Data Engineer_Guangzhou

3 weeks ago


Guangzhou, China TEKsystems Full time

职位介绍

AWS Cloud 或者其他Cloud 也可以 Python Airflow Kafka English needs to be fluent, prefer senior candidates

Job Description:

We are seeking a highly motivated Data Engineer to join our dynamic Data Engineering team. As a Data Engineer, you will play a crucial role in managing and optimizing our data infrastructure, ensuring the reliability and availability of data for our analytics and business intelligence needs. You will work with cutting-edge technologies including Amazon S3, Amazon Athena, Apache Airflow, and Python to build and maintain data pipelines.

Responsibilities:

Data Pipeline Development : Design, develop, and maintain data pipelines to extract, transform, and load (ETL) data from various sources into our data lake on Amazon S3.

Data Quality Assurance : Implement data validation and quality checks to ensure the accuracy and consistency of data throughout the ETL process.
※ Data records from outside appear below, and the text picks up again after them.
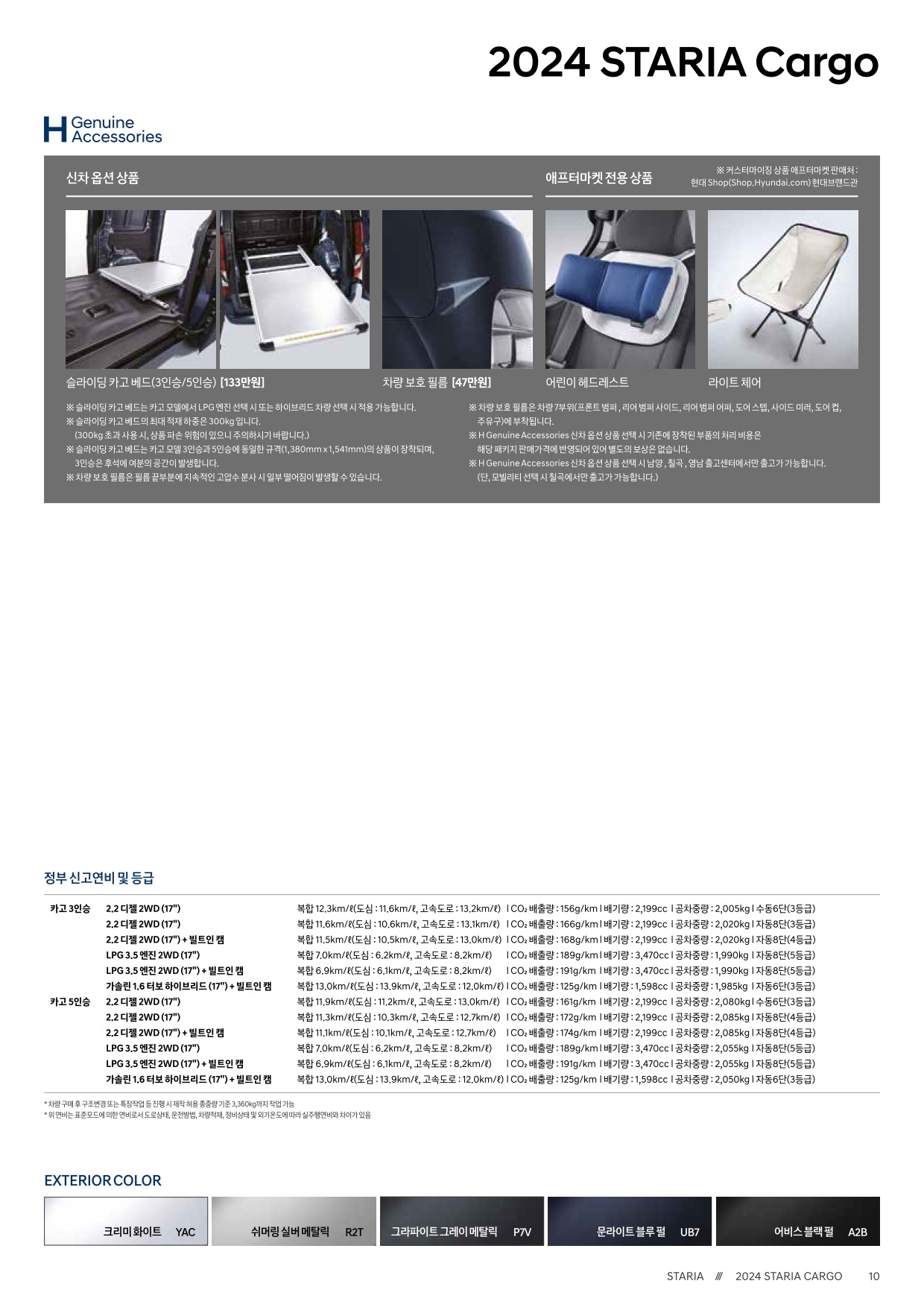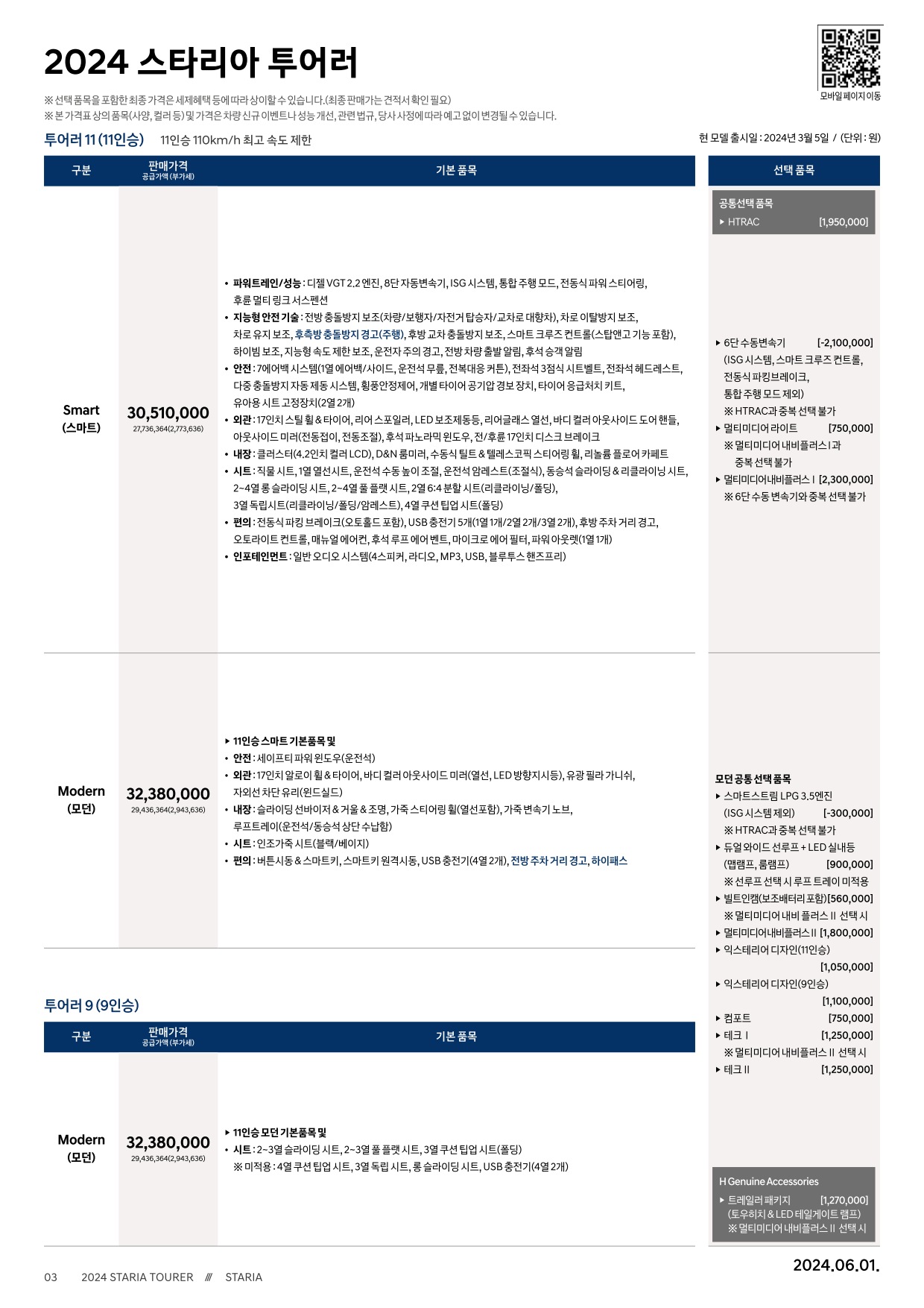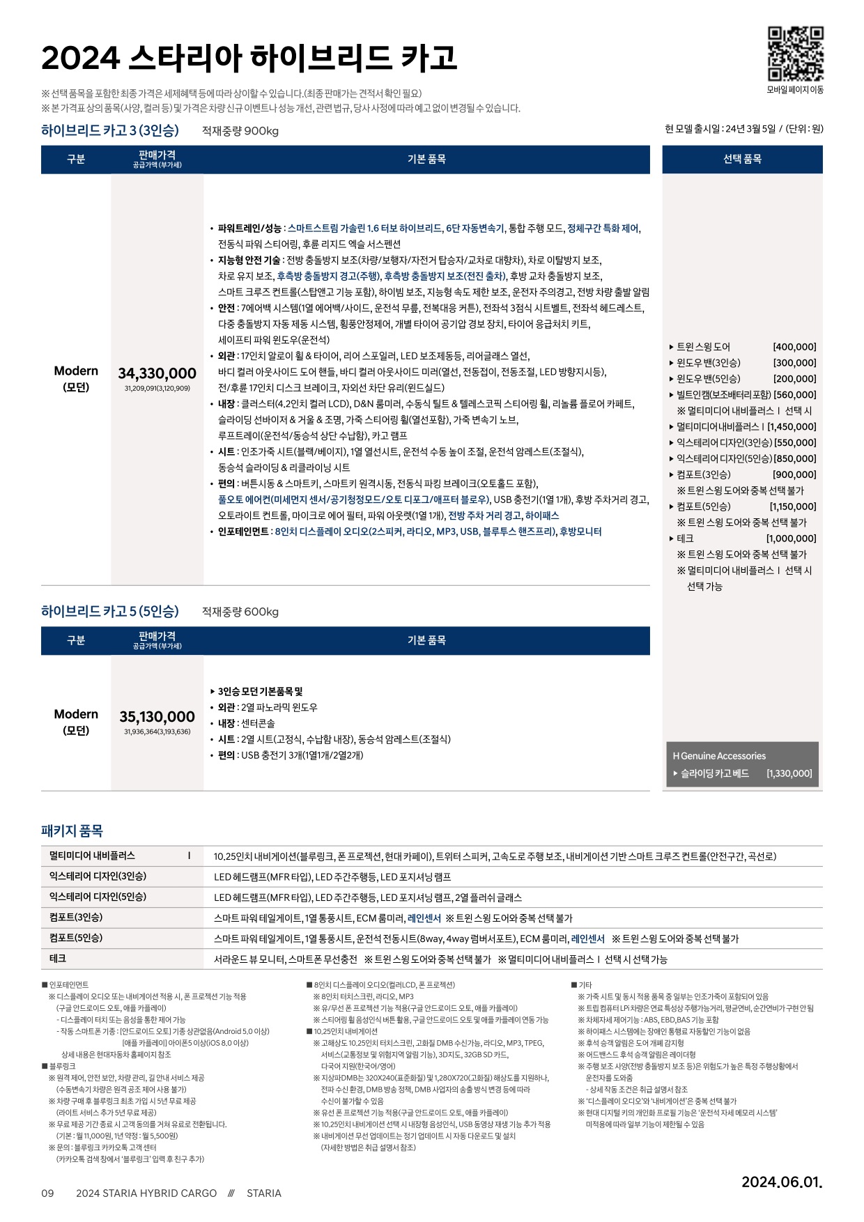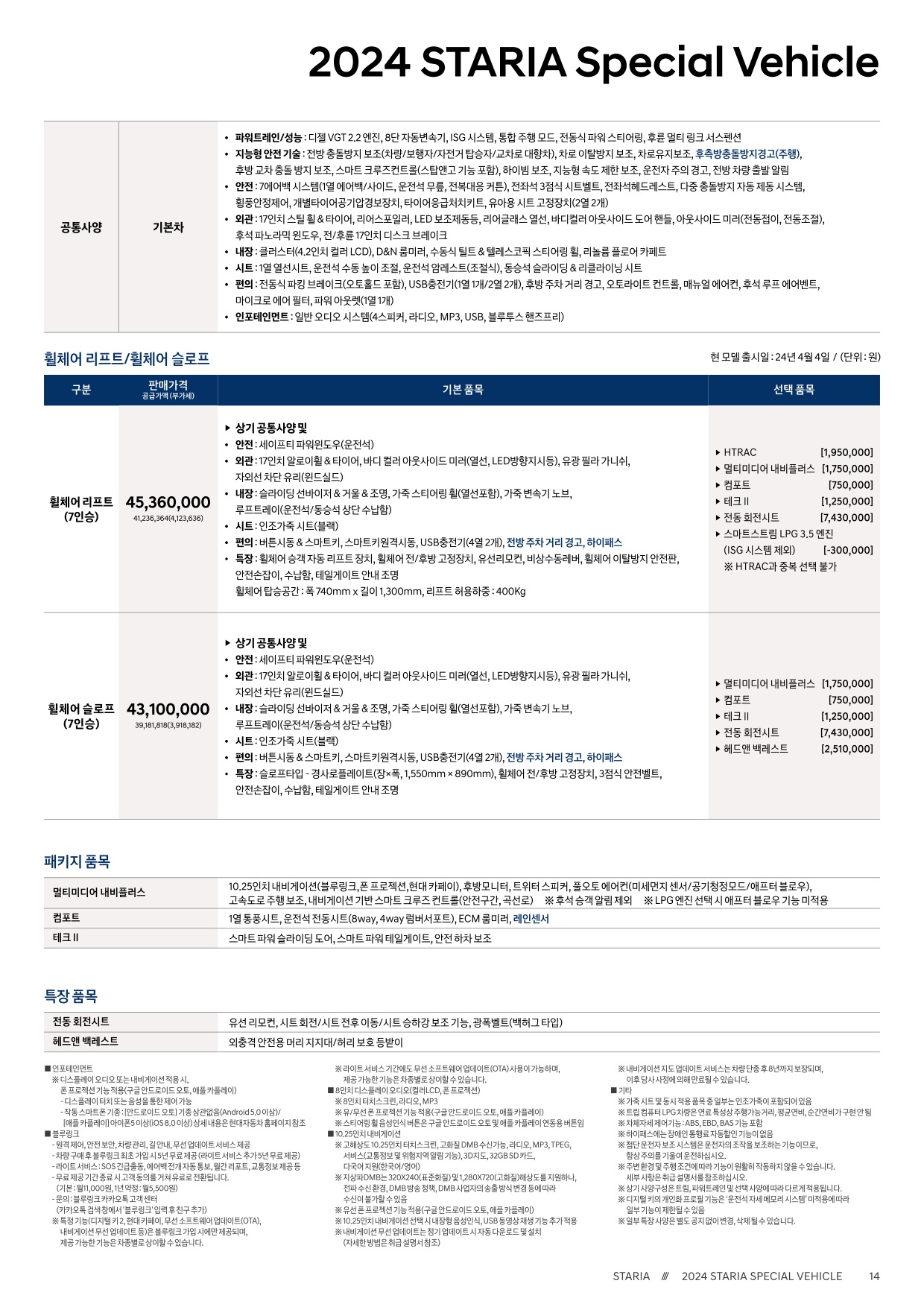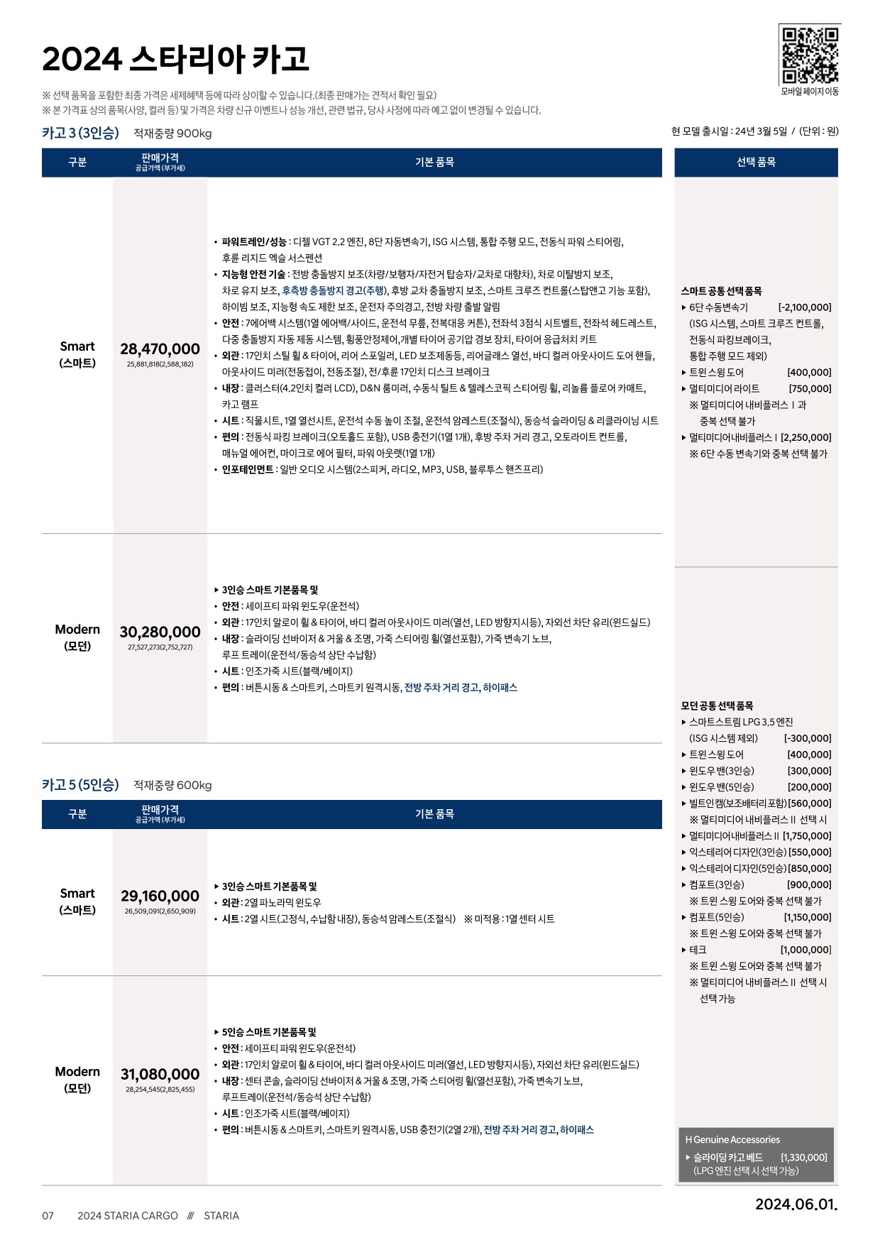 2024년 6월 스타리아 투어러 & 카고 (+하이브리드) & 특장차 신차가격표
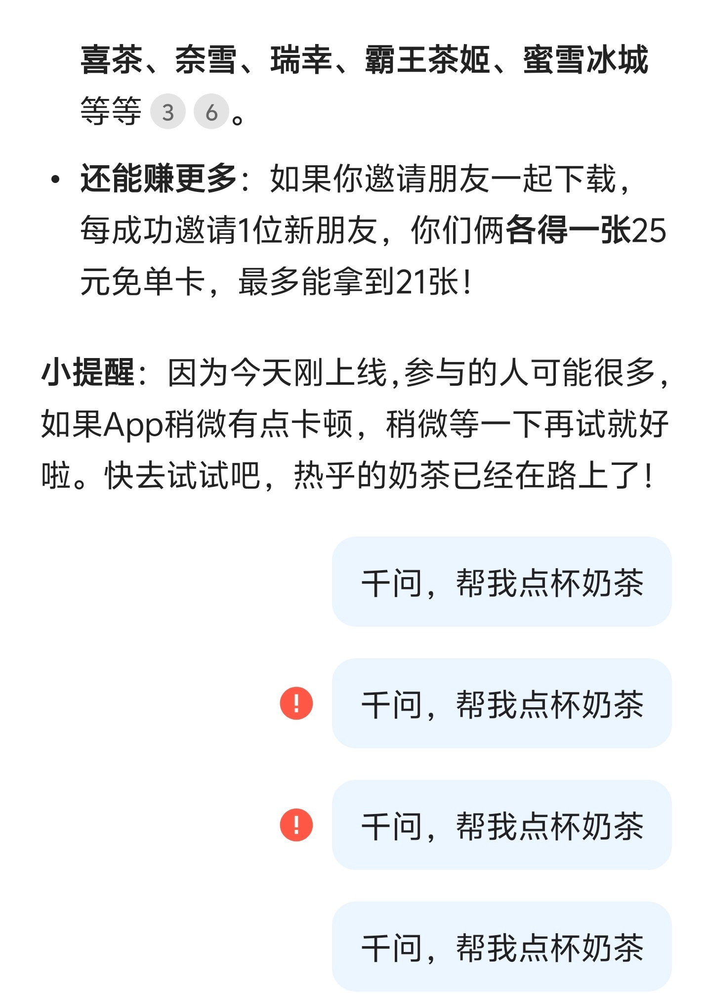 千问 免费奶茶瞧瞧你们,都把人家给干崩溃了不过这不要钱的奶茶谁能忍住诱惑~
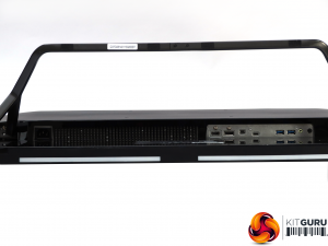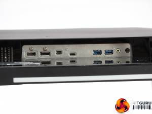 The standard kettle-lead power connection is on one end of the underside, with all the ports on the other. These include HDMI 2.0, followed by full-sized DisplayPort 1.2, then mini DisplayPort 1.2, and finally USB C. The latter supports both video input and upstream data, with the latter driving the two USB 3.0 ports further along.

Amazon Athena Expertise : Utilize Amazon Athena for ad-hoc querying and analysis of data stored in Amazon S3, optimizing query performance and efficiency.

Automation : Develop and maintain automated workflows using Apache Airflow to schedule and orchestrate data processing tasks, ensuring timely and reliable data delivery.

Python Programming : Write clean and efficient Python code to support data transformation, integration, and data engineering tasks.

Data Architecture : Collaborate with senior data engineers to design and evolve the data architecture, ensuring scalability and performance of the data infrastructure.

Documentation : Maintain comprehensive documentation of data pipelines, workflows, and processes for future reference.

Troubleshooting : Identify and resolve data pipeline issues, performance bottlenecks, and data quality concerns in a timely manner.

Collaboration : Work closely with data scientists, analysts, and other stakeholders to understand data requirements and provide data engineering support.

Qualifications :

Bachelor's degree in Computer Science, Information Technology, or a related field.

Strong knowledge of Amazon S3, Amazon Athena, and Apache Airflow.

Proficiency in Python programming for data manipulation and scripting.

Basic understanding of data modelling, SQL, and database concepts.

Excellent problem-solving and troubleshooting skills.

Strong communication and teamwork abilities.

Eagerness to learn and adapt to new technologies and tools.